Adams’s flat was a hive of activity with the SOC officers, under the direction of Kennedy’s favourite bagman, Detective Sergeant James Irvine, professionally going about their business.

Again Castle blended into the background as Kennedy started to examine the room where Adam Adams had met his maker.

Adams was resting on his backside, his back propped up by the only clear (floor to ceiling) part of the wall in the sitting room cum study. You had to be fully in the room to see him, as he was partially hidden behind the door. His knees were bent upwards in an inverted V shape and his head and shoulders were leaning against them. His hands were outstretched on either side of him, palms facing upwards. He looked like a puppet whose operator had gone off on a coffee break.

Protruding from between his shoulder blades was the dark wooden handle of a knife; his blood-soaked white shirt a testimony to the effectiveness of the cold steel buried deep in his back. The angle of the knife in his back immediately suggested that the knife had entered the body from above.
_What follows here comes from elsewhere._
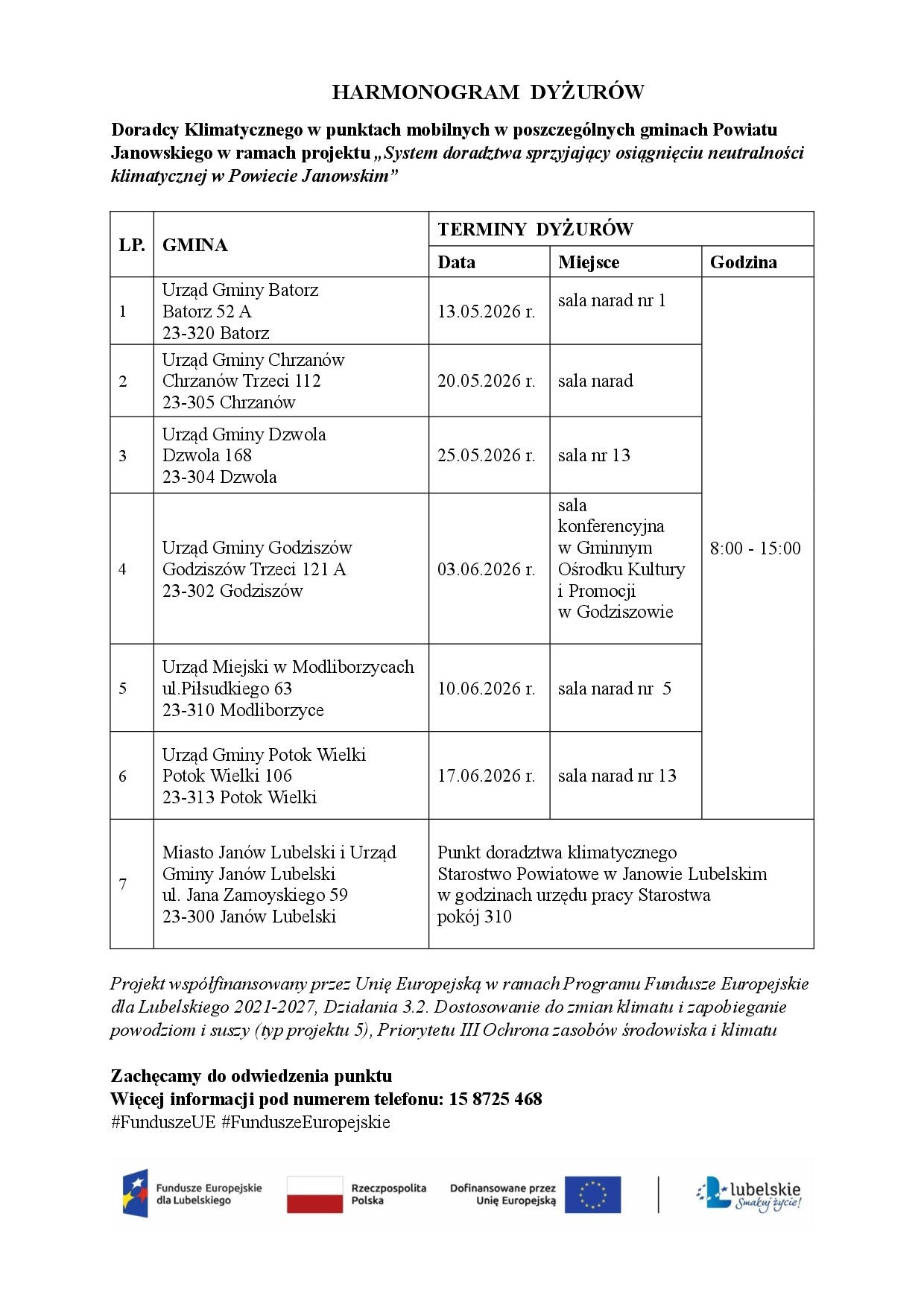 Zaproszenie dla mieszkańców, przedsiębiorców, instytucji publicznych Urzędu Gminy Dzwola na bezpłatne konsultacje z Doradcą klimatycznym

Kennedy was sure it must just have been a trick of the subdued light, but it looked as if Adams had a gentle smile still visible on his white-grey face.

To the corpse’s left was a large orange-red sofa, heaped generously with matching cushions. Kennedy glanced along the length of the sofa and found betraying indents on the royal-blue carpeted floor, showing that the sofa had recently been moved about two feet farther away from the door and the space where the corpse rested. Next to the sofa was a chunky, square oak coffee table. Resting on the coffee table was a lamp; obviously it had fallen over in the move, the burning bulb proudly showing off the hideous brown-and-green patterned lampshade. The domino theory, triggered by the initial moving of the sofa, had resulted in one of the corners of the coffee table scraping the side of an oak rolltop desk. The desk was at ninety degrees to the sofa wall and positioned by the room’s only window.

Kennedy, hands protected with plastic gloves, examined the contents of the desktop. Centrally on the desk, and probably the last document to demand the attention of Mr. Adam Adams, was a property valuation on McGinley-and-Associates-headed paper.